Depuis une semaine, une nouvelle loi en Tunisie autorise les femmes à contracter un mariage avec des non-musulmans. Cette nouveauté n’a pas hésité de susciter un véritable tollé partout dans le monda arabe. 

En Algérie, une telle avancée est-elle possible ? Le célèbre sociologue algérien Nacer Djabi est très sceptique. “Je ne pense pas que le mariage entre Algériennes et étrangers non musulmans soit possible en Algérie à court terme, même si ces questions commencent à être posées par des organisations pour permettre aux Algériennes de régler sur le terrain ce problème”, a expliqué ce professeur en sociologie qui a démissionné récemment de l’université pour protester contre son déclin intellectuel et les pressions politiques auxquelles elle est soumise au quotidien.

“Cependant, j’ai eu personnellement à constater la grande tolérance qui commence à voir le jour chez les Algériens qui recourent à une sorte d’hypocrisie collective et à la ruse pour permettre à leurs filles de se marier avec des personnes qui ne sont pas musulmanes”, a-t-il dit dans un entretien accordé à l’édition africaine du magazine français Le Point. “En fin de compte, la question est simple. Elle est liée à des formalités religieuses qu’il est très facile de dépasser s’il y a une détermination (de la femme) à se marier avec un non-musulman”, explique-t-il encore en analysant la situation actuelle de la société algérienne.

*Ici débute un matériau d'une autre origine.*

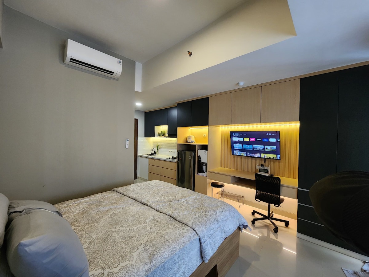 Cozy studio apartment in the heart of Depok, directly connected to Depok Town Square and close to Universitas Indonesia, Margo City, and Depok Baru Train Station for easy access to Jakarta. Furnished with IKEA-inspired furniture, it’s perfect for students, professionals, staycations, or short trips to Depok & Jakarta. Enjoy a comfortable & convenient stay! *This property is best suited for solo travelers, students, or families. We kindly ask that unmarried couples do not book this property.
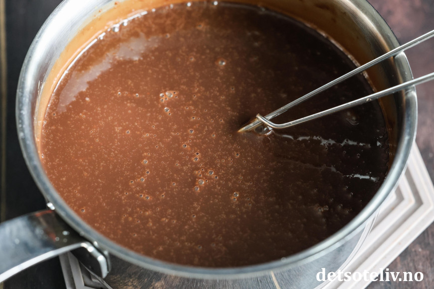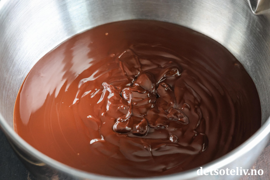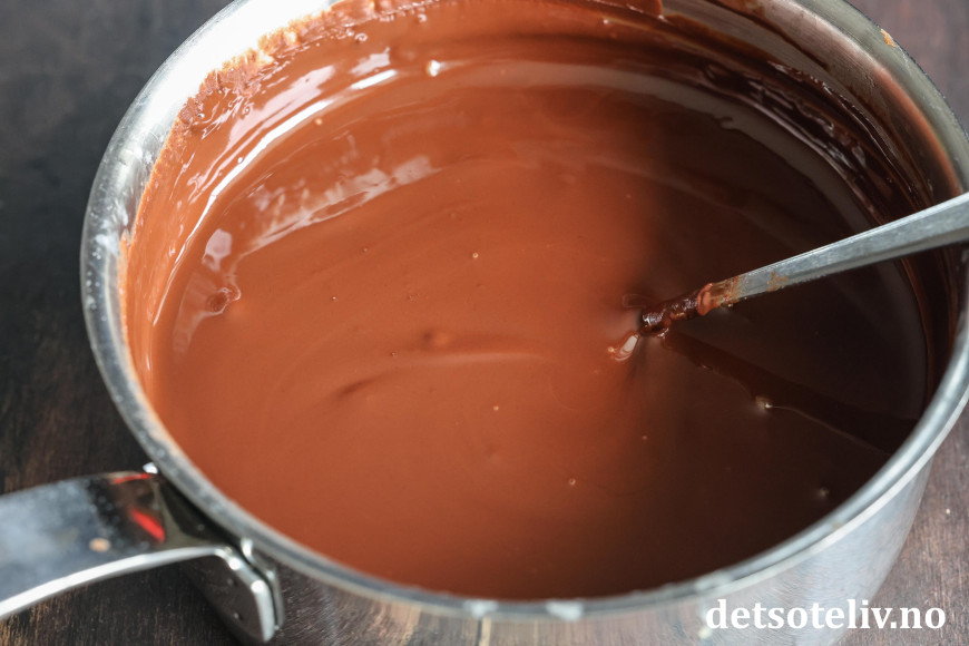Smelt smøret i en kjele. Ta kjele av platen og tilsett oppdelt kokesjokolade. La sjokoladen smelte i det varme smøret og rør blandingen jevn.

Nacer Djabi pointe du doigt le “système politique dont l’élite” qui  “a vieilli et devient plus rétrograde et conservatrice”. “Notre système (politique) sait comment gérer l’Algérien en milieu rural, illettré ou pauvre en lui accordant, par exemple, des aides sociales contre lesquelles il abandonne sa citoyenneté”. D’après Nacer Djabi, l’échec du système algérien s’explique, surtout, par  son incapacité à gérer et mobiliser “des jeunes instruits des villes et des femmes qui réussissent, avec lesquelles il ne sait pas jusqu’à maintenant comment agir”, a-t-il analysé en dernier lieu.